加州清光無法見人似的用手捂着臉頰,他憋着氣,破罐子破摔的對大家解釋:“那個時候我把身邊的主公當做好朋友,說了一些傻話。所以‘審神者’那邊總是讓我覺得‘自己一直被愛着’了吧。”
現在想想,不管是當初收到的禮物圍巾,還是幾次相處時的反饋,他早該懷疑審神者是否存在于自己身邊的。他以為他在默默支持鼓勵着好友山姥切國廣,但他不知道其實是主公在默默關注着他的情緒。
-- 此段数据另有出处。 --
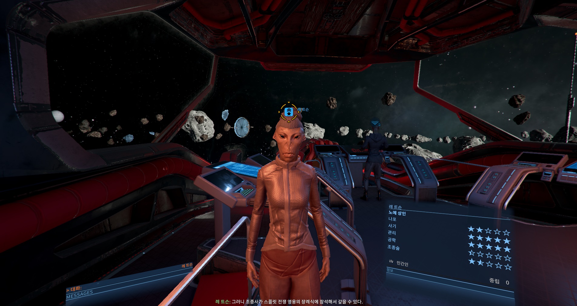 함장과 얘기하면 자신들의 동족을 구해줘서 고맙다며(꼴랑 우호도 1 올려준다) 전쟁 영웅 장례식에 참석하라고 한다. 관습에 따라 우주파리 캐비어도 가져오라는데...; 혹시나 어디 필요한데 있을까 싶어서 안 팔고 기지에 모아놓길 잘했네.

“游戲進行的好像很順利啊。”鶴丸國永感興趣的仔細觀察着山姥切國廣的表情,确定了白被單青年臉上沒有勉強的神色,放下心鬧騰了起來,“下一次從中間開始抽,主公不能按照順序來了!那不叫做抽簽了!”
“中間嗎?”山姥切國廣默認了。他認為很有道理,萬一還是按照順序,說不定大家會期待他一個個點評了,那樣還不如按照運氣随便抽中一位刀劍付喪神。他已經下定決心要勇敢坦然、不再自閉,沒什麽能攔住他的了……吧?
山姥切國廣看着手上抽出的賀年紙,遲疑的石化了。
“怎麽了嗎?”山伏國廣很關心的湊過來問。大廣間裏,大多數刀劍都加快速度吃完了飯,一心都放在這個游戲上。他們敏銳的注意到了山姥切國廣這次的奇怪态度。山姥切長義突然有了不詳的預感,他再次低頭,默默的飛快祈禱:‘不是我……抽中的不是我……’
“這次是個很難說出口的名字嗎?”鶴丸國永若有所思,他環視了一遍刀劍付喪神們,想判斷主公是難為情說出對那個人的評價,還是單純的不知道該怎麽說,目标是完全不同的。
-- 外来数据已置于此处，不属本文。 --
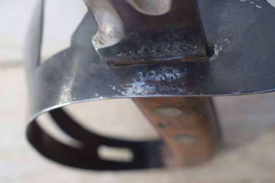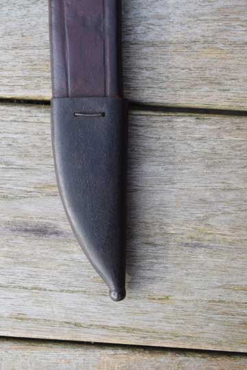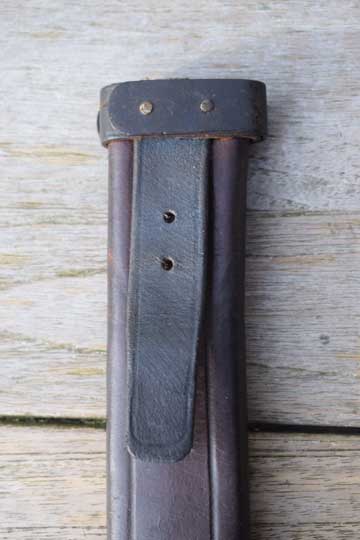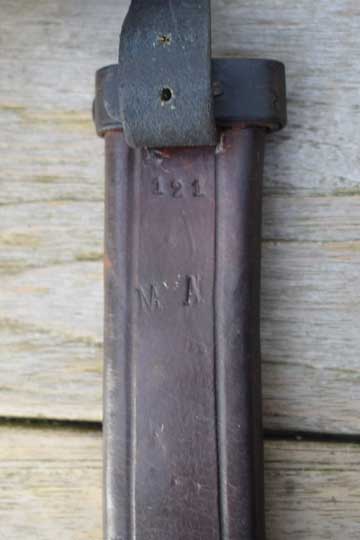 Excellent+ M 1898 tooled flexible brown leather scabbard. All stitches intact. Long M 1931 black painted steel chape fixed by a single steel staple each side to the leather body. Scabbard throat is reinforced by a black painted steel clip riveted to the leather throat. Leather body is marked: 121 over M A underneath the Intact leather frog strap.

半晌,山姥切國廣的視線緩緩移向了長桌前,艱難的說出了那個名字:“山姥切,長義。”
山姥切長義:“…………”
同樣披着長長披風的銀發青年外表鎮定的緩緩站了起來,直視的望向了主公。仿佛很沉着坦然的等待着評價,山姥切長義的臉上還保持着他往日的驕傲之色。
狐之助張着嘴,表情凝固了。長谷部擔心的皺起眉,不高興的盯着那邊。連鶴丸國永都微微收斂了剛才的興奮笑容,糾結喃喃:“這也是可能發生的事情啊。”
“不要緊嗎?!”膝丸吓得手都不知道該放到哪裏了,無措的在面前揮了兩下後,一下子攥緊了兄長放在膝蓋上的手,像是終于找到了主心骨。他擔憂的不成樣子,緊張兮兮的睜大了眼睛看着,大氣都不敢出。髭切臉上的笑容微微變得無奈,他安慰弟弟:“已經過去了,不要緊的。”
——最讓大家煎熬的時候應該是‘怎麽讓山姥切國廣面對他的本科刀’,以及‘怎麽讓山姥切長義接受,他效忠的主公其實是他看不上的仿刀’的那段時間。
對本丸的其他刀劍來說太要命了。
大廣間裏氛圍詭異,突然沒了大家玩游戲時的熱絡。低着頭的山姥切國廣覺得不能這樣下去了。他扯着頭頂的白被單擡頭,冷靜直接的說出了他對山姥切長義的印象:“……山姥切長義,是我的本科刀。”
“他一直都是驕傲自信的,是一振名刀。我不知道該怎麽面對他。”
——那時候的山姥切國廣連他自己為什麽存活着都不明白,找尋不到意義,是最迷茫而無措的時期。聽着山姥切長義的否定和不喜,他又無法更改自己的初始身份,還能怎麽做呢?就算聽到口口聲聲的“贗品君”,他也只能沉默以對了。
所以山姥切國廣不否認,在張揚自信的本科刀山姥切長義面前,曾經的他是自卑的。
“我……”現在僵硬的人輪到山姥切長義了。
他不自然的清了清嗓子,努力保持着臉上的坦然自若,動了幾次嘴唇都不知道該說什麽,額上冒汗:“……”
他一句話都說不出來。
他還能怎麽說?!說他當初不明白自己為什麽會有一把仿制刀,所以天天嫌棄的叫對方‘贗品君’嗎?說他即使信服了對方的能力,出于驕傲還是不甘心的怼了山姥切國廣,和對方掙近侍位置嗎?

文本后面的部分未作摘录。